• **Activity**
Since pictures are not wanted in the copy, output only the rest of each record exactly.

• **Dataset excerpts**
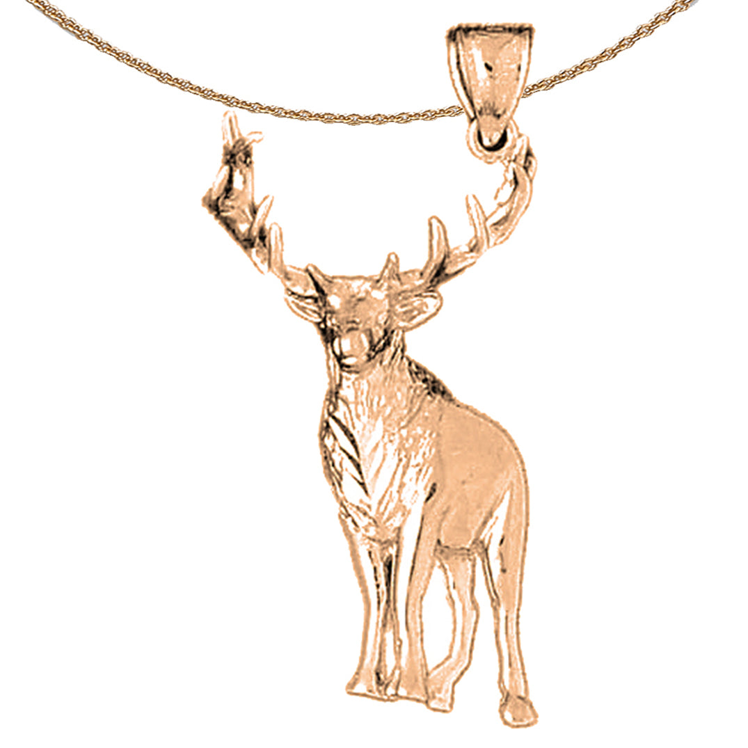 This is a stunning 10K, 14K or 18K gold elk pendant. This 10K, 14K or 18K gold pendant measures 44 mm in length by 21 mm in width. Measurement includes bale. JewelsObsession creates all gold jewelry in our state of the art manufacturing facility.
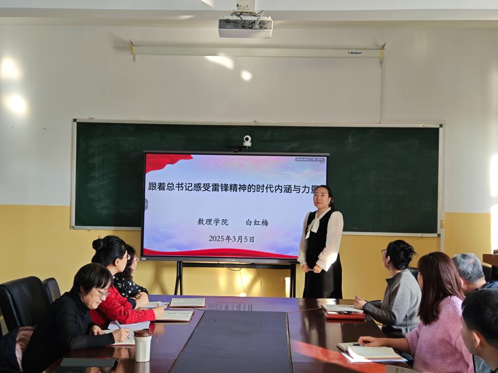 3月5日是第62个学习雷锋纪念日。为进一步增强党员的责任意识和服务意识,当天,数理学院教工党支部在笃学楼411会议室开展学习雷锋精神党课学习。教工党支部书记白红梅作题为《跟着总书记感受雷锋精神的时代内涵与力量》的报告,全体教师党员参加学习。
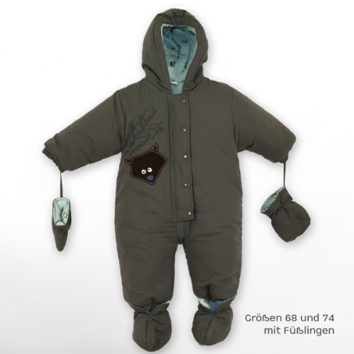 Die anknöpfbaren Füßlinge in den Größen 68 und 74 halten die empfindlichen Zehchen schön warm der Windfang in den Größen 80 und 86 bietet Schutz vor Wind und Schnee und auch die Fäustlinge mit Klettverschlusslasche sind am Anzug fixiert ... praktisch, stimmt´s?
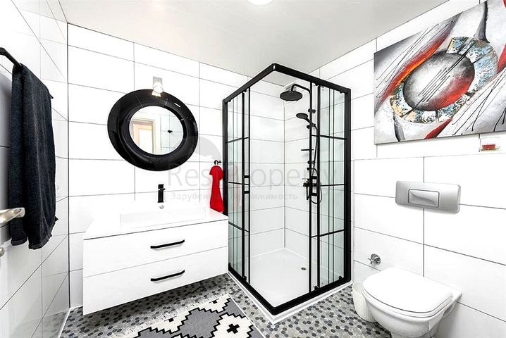 Квартира полностью меблирована и оснащена бытовой техникой, установлены кондиционеры, напольное покрытие — керамическая плитка, в санузлах — душевые кабины и качественная сантехника. Интерьер выполнен в светлых тонах, комнаты наполнены естественным светом, из окон открываются панорамные городские и горные виды.
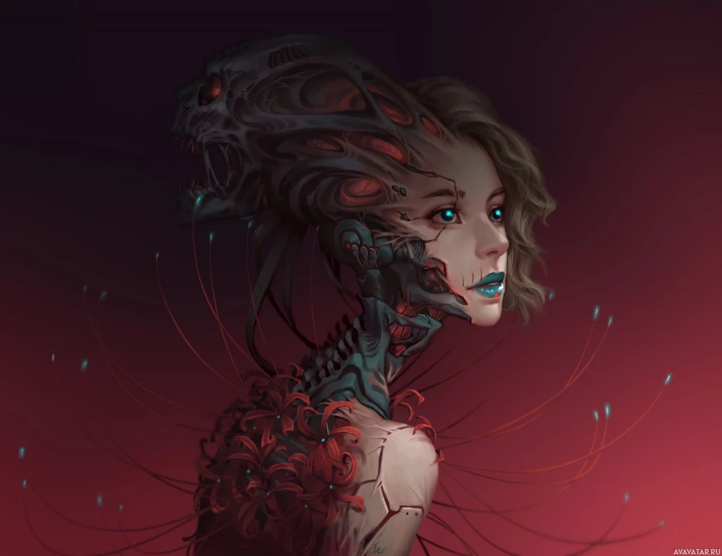 science fiction and horror elements, often referred to in art and media as "biomechanical" or "biotech." This type of artwork is common in genres like cyberpunk, dark fantasy, and post-apocalyptic narratives. The character's design could be interpreted as a fusion of humanity with technology, potentially exploring themes such as the consequences of advanced artificial intelligence or the integration of biological and machine entities.

• **Solution**
 This is a stunning 10K, 14K or 18K gold elk pendant. This 10K, 14K or 18K gold pendant measures 44 mm in length by 21 mm in width. Measurement includes bale. JewelsObsession creates all gold jewelry in our state of the art manufacturing facility.
 3月5日是第62个学习雷锋纪念日。为进一步增强党员的责任意识和服务意识,当天,数理学院教工党支部在笃学楼411会议室开展学习雷锋精神党课学习。教工党支部书记白红梅作题为《跟着总书记感受雷锋精神的时代内涵与力量》的报告,全体教师党员参加学习。
 Die anknöpfbaren Füßlinge in den Größen 68 und 74 halten die empfindlichen Zehchen schön warm der Windfang in den Größen 80 und 86 bietet Schutz vor Wind und Schnee und auch die Fäustlinge mit Klettverschlusslasche sind am Anzug fixiert ... praktisch, stimmt´s?
 Квартира полностью меблирована и оснащена бытовой техникой, установлены кондиционеры, напольное покрытие — керамическая плитка, в санузлах — душевые кабины и качественная сантехника. Интерьер выполнен в светлых тонах, комнаты наполнены естественным светом, из окон открываются панорамные городские и горные виды.
 science fiction and horror elements, often referred to in art and media as "biomechanical" or "biotech." This type of artwork is common in genres like cyberpunk, dark fantasy, and post-apocalyptic narratives. The character's design could be interpreted as a fusion of humanity with technology, potentially exploring themes such as the consequences of advanced artificial intelligence or the integration of biological and machine entities.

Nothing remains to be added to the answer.